Marktteilnehmer hatten zuvor angenommen, dass eine Einigung den iranischen Ölexport rasch erhöhen würde. Analysten der Commerzbank schrieben in einer Mitteilung, die Märkte hätten die Wahrscheinlichkeit eines Scheiterns zu niedrig eingeschätzt. Die geopolitische Prämie sei daher wieder gestiegen.
Die OPEC+ Förderpolitik bleibt unverändert. Saudi-Arabien und Russland halten ihre Quoten bei. Gleichzeitig meldete die EIA, dass die US-Rohölvorräte in der vergangenen Woche um 2,3 Millionen Barrel zurückgegangen sind. Die Nachfrage nach Diesel und Flugbenzin in den Vereinigten Staaten lag über dem Fünfjahresdurchschnitt.

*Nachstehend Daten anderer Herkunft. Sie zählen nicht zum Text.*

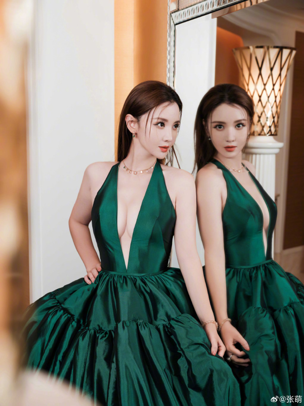 ▲張萌去年底深綠色的深V禮服造型獲得好評。(圖/張萌微博)
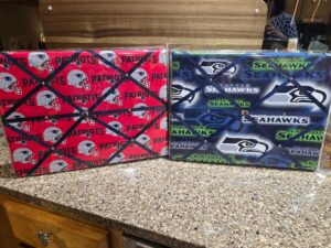 - These boards are customized with fabric and ribbon choice and secured with a decorative brad or button and all come with a hangable ribbon located on the back.
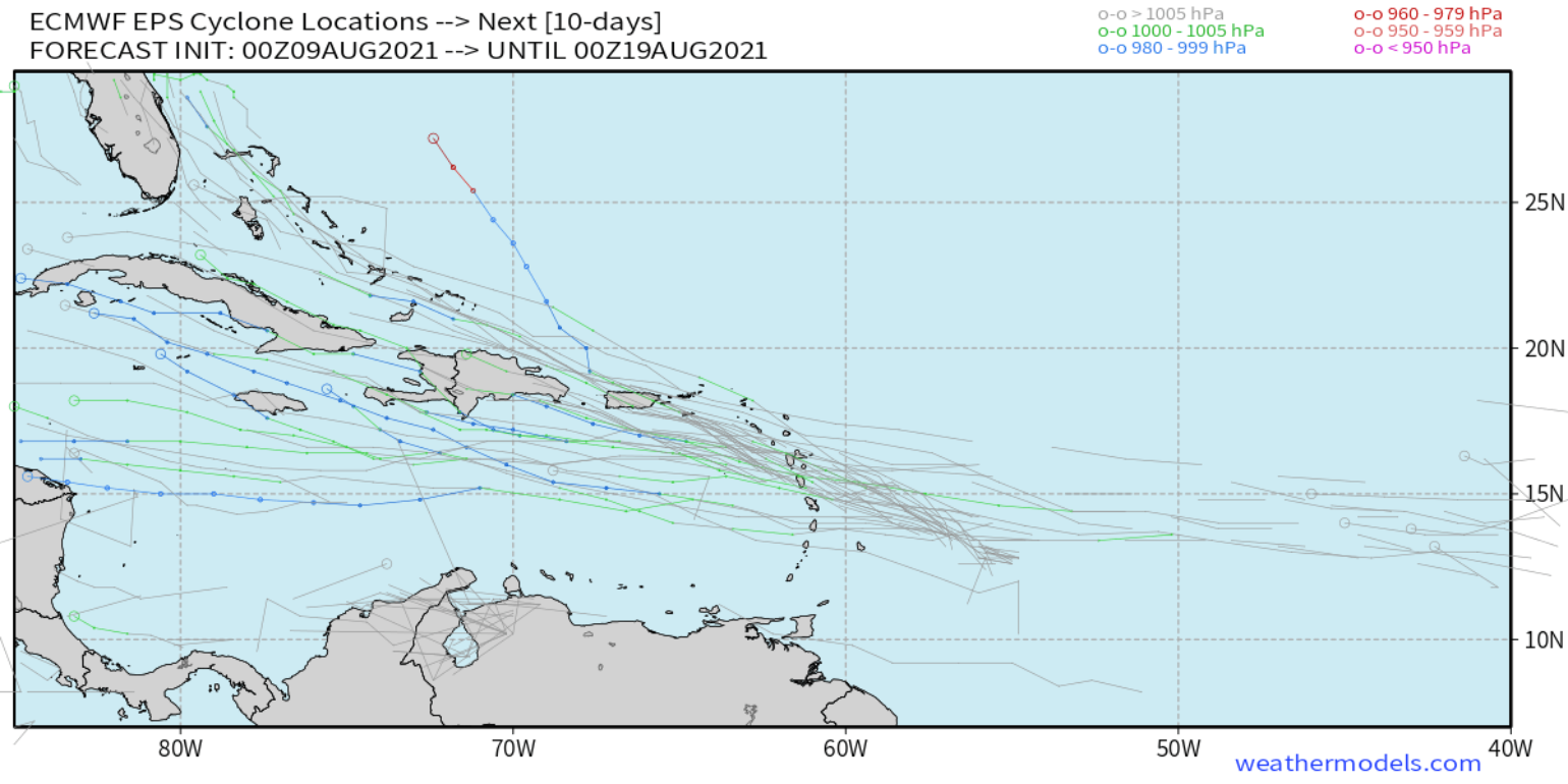 Regardless of whatever happens in the Caribbean over the next few days, some sort of convection should be near Florida or the Bahamas by the later part of this week. The ECMWF ensembles, which offer up 51 different forecasts, show confidence in a fully-developed tropical cyclone is low. There is likely a higher chance of a named storm in the Caribbean than near Florida later this week due to all the hurdles as discussed above. Only 11 of 51 ECMWF ensemble members depict a closed cyclone five days from now and only 1 of 51 members depicts a tropical cyclone of any intensity as a hurricane or strong tropical storm. At this point, the system will face plenty of hurdles.

Am Devisenmarkt notierte der Euro bei 1,0850 US-Dollar. Der US-Dollar-Index stieg leicht auf 104,20 Punkte. Gold bewegte sich wenig verändert bei 2.340 US-Dollar je Feinunze.
Händler erwarten nun die nächsten Verhandlungsrunden zwischen Teheran und den europäischen Staaten. Sollte es keine Einigung geben, könnte der Ölpreis in den kommenden Wochen weiter steigen. Die Volatilität an den Terminmärkten hat bereits zugenommen.